The study adhered strictly to CLSI guidelines regarding sample size and handling of outliers. Our study findings highlight the importance of excluding outliers prior to calculating cutoff values, as there is a huge difference in the results of the 99th percentile calculation before and after outlier removal. As suggested by CLSI EP28-A3 guideline, there are several available methods to detect outliers, such as Reed method, and Tukey method25,26. However, these methods have their limitations to some extent when applied to our data distribution. If there are two or three outliers located in the same tail of the distribution, such as in the aβ2GPI IgM dataset, the Reed method (one-third rule) may not accurately identify the most extreme outlier as statistically significant25. The Tukey method requires the data belonging to the Gaussian distribution27. Despite applying the Box-Cox transformation, we were unable to achieve a normal distribution for our results. Therefore, we used the block procedure combined the visual inspection to identify outliers in our population.

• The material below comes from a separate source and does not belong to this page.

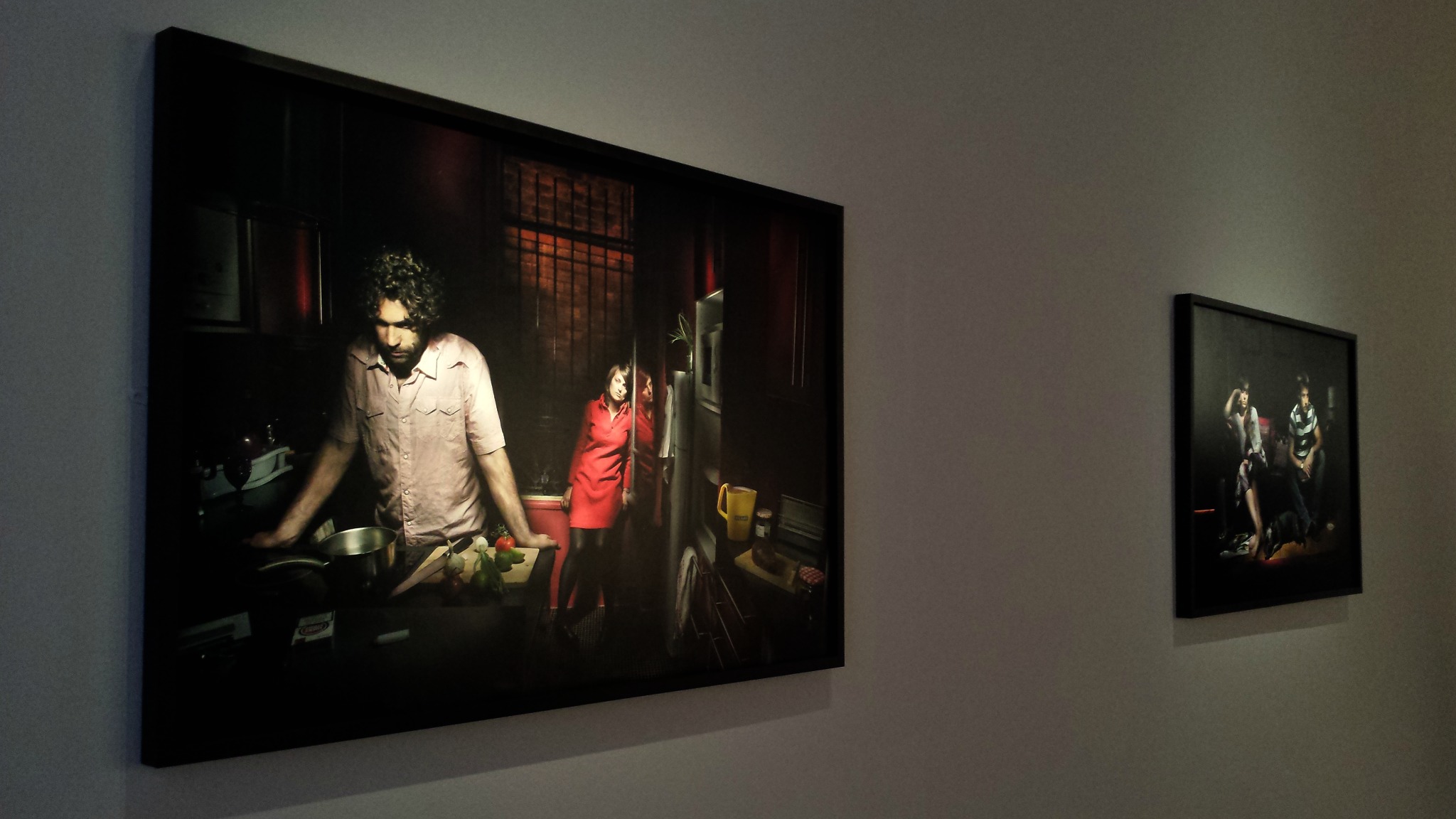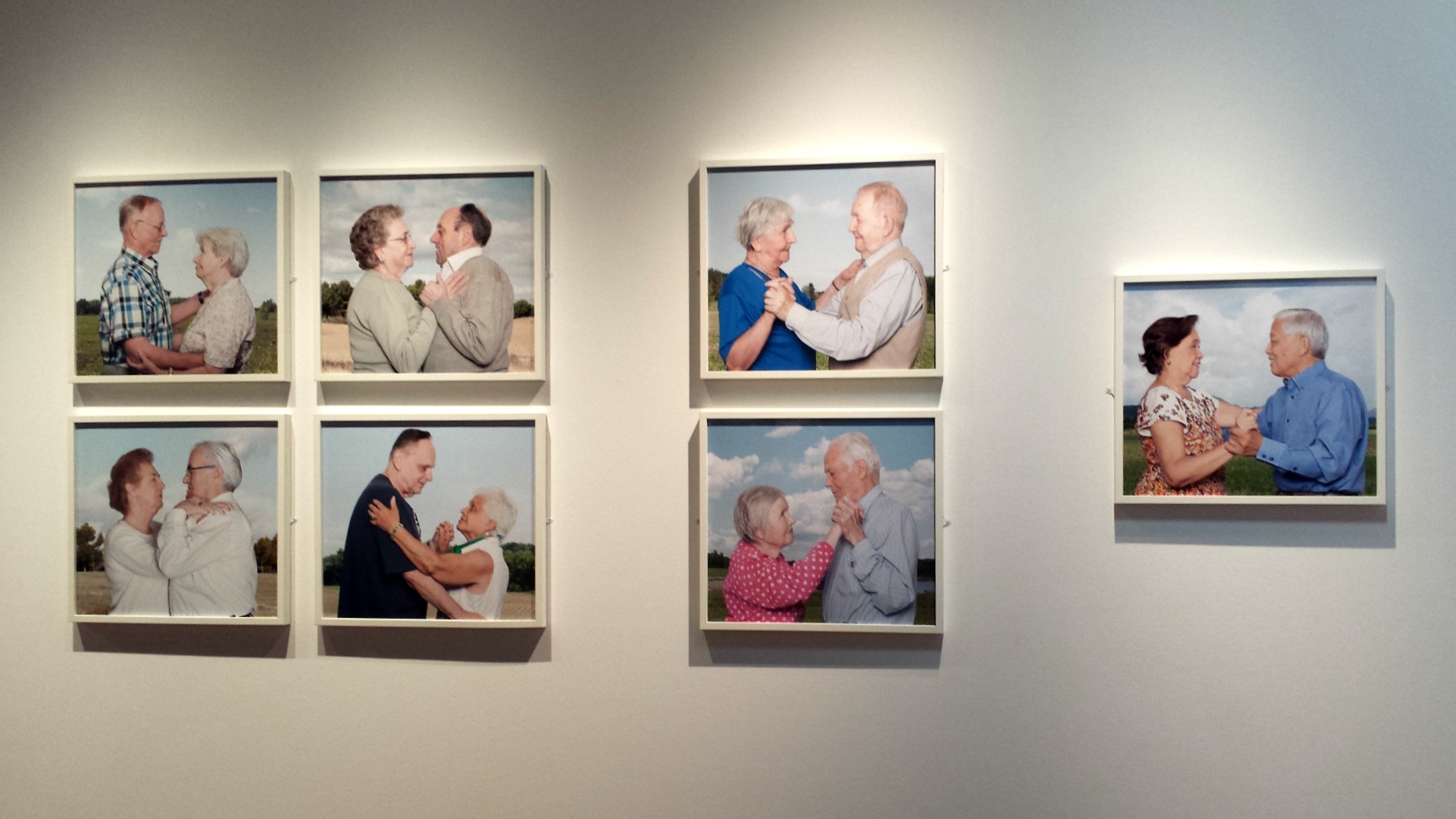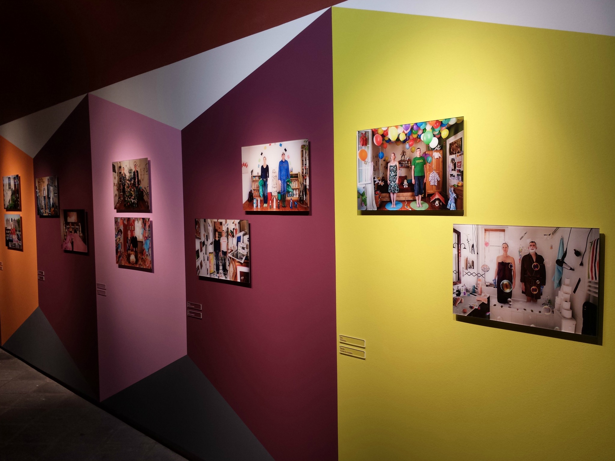 Beaucoup de séries dans les œuvres exposées, créant un ensemble harmonieux qui se fait écho entre les étages. Les jeunes célibataires russes d’Alena Zhandarova regardent les vieux couples dansants d’Ana Galan mais ceux-ci ne les regardent pas en retour. Ils se mangent des yeux, s’agrippent l’un à l’autre et leurs regards, leurs mains, nous en disent long sur ce qu’ils sont et ce qu’ils ont traversé. Dans le petit couloir à côté, c’est un peu d’intimité que le couple franco-allemand de Marielsa Niels est venu chercher. Série initialement privée, cadeau d’anniversaire de ce couple, elle nous plonge dans leur quotidien, dans leur histoire commune, leurs différences qui vont se loger dans de menus détails du quotidien mais qui peuvent avoir tant d’incidence sur la vie partagée. Marielsa, je vous en avais déjà parlé, est une jeune photographe clermontoise qui adore placer ses personnages au cœur d’un univers à la fois très réel, intime, mais également totalement foutraque. Ses mises en scène, bordéliques autant que méthodiques, sont autant d’inventaires qui démontrent que notre environnement, nos choix de consommateurs, en disent beaucoup plus sur nous qu’on ne voudrait le croire.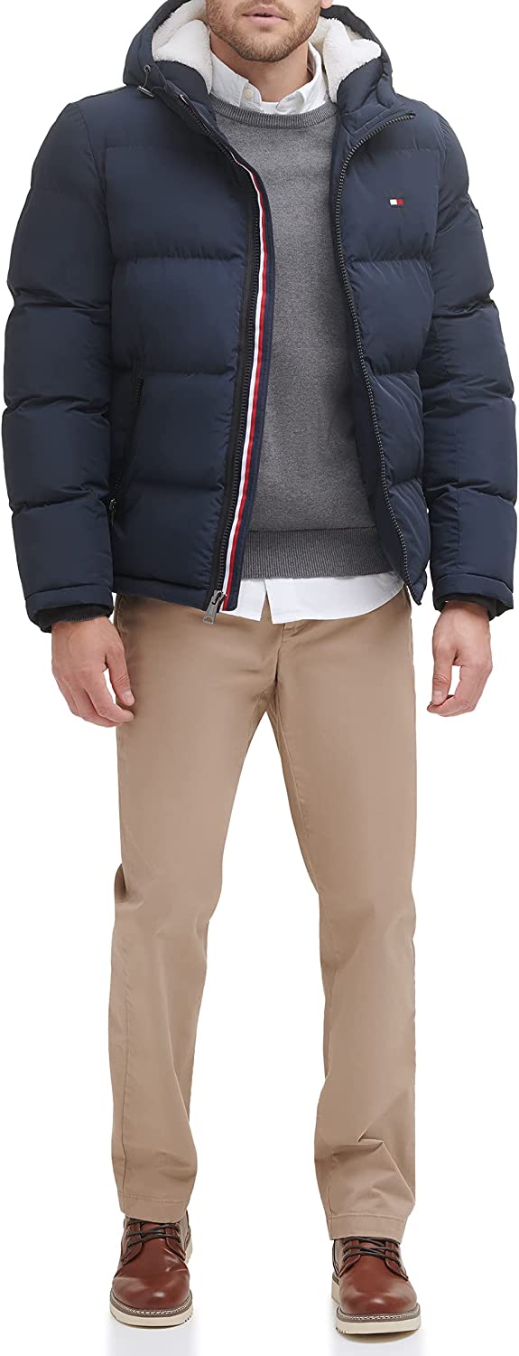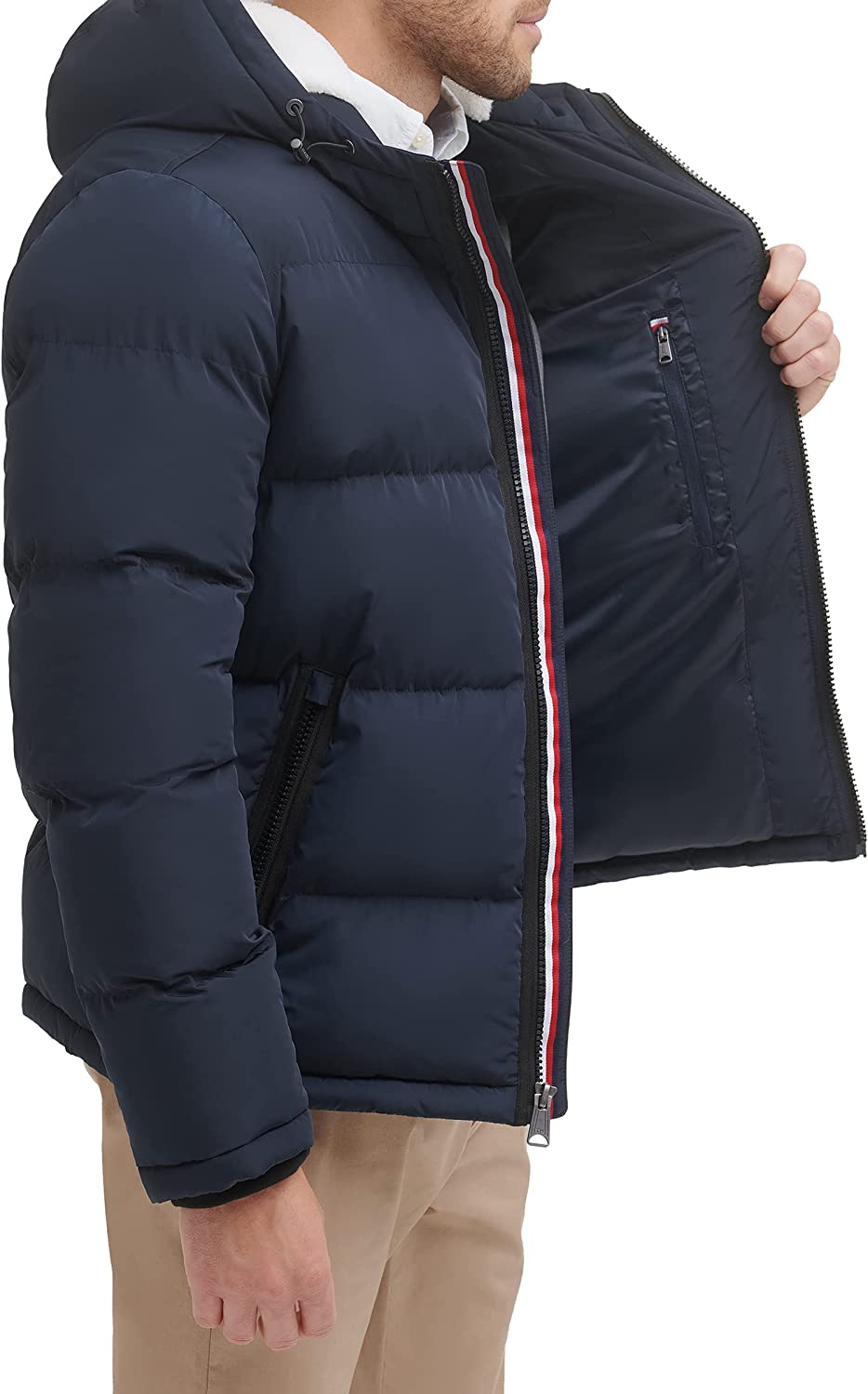 - STYLISH FEATURES: The jacket demonstrates the signature look of Tommy Hilfiger with an embroidered flag on the left chest; The cuffs also exuberate authenticity with a Tommy Flag placed on the inside of the cuff

The strength of this study lies in the establishment of cutoff values for aβ2GPI antibodies in women of reproductive age in Southwest China for the first time. Due to limitations in the selection of populations, the results may differ significantly from those of the manufacturer. However, given that this hospital specializes women’s and children's healthcare, the vast majority of those who undergo aPLs testing are women of reproductive age. Therefore, we consider the establishment of a reference range applicable to our testing population in our own laboratory to be crucial. The age range of women of reproductive age in this study spans from 15 to 49 years, with the majority concentrated in the 20 s and 30 s. Individuals below 20 years and above 40 years are less represented within this cohort. Therefore, there may be a bias in the age grouping, which constitutes a limitation of this study.

As indicated by previous findings, a multicenter approach has been proposed as a more effective alternative for establishing cutoff values, which can enhance the accuracy of determining cutoff values by involving a larger number of healthy blood bank donors28. Achieving uniformity in the calculation of cutoff values is essential, as it holds the potential to improve and standardize the interpretation of test results, ultimately facilitating the complex diagnosis of APS. Consequently, future research efforts should be directed towards exploring these aspects further.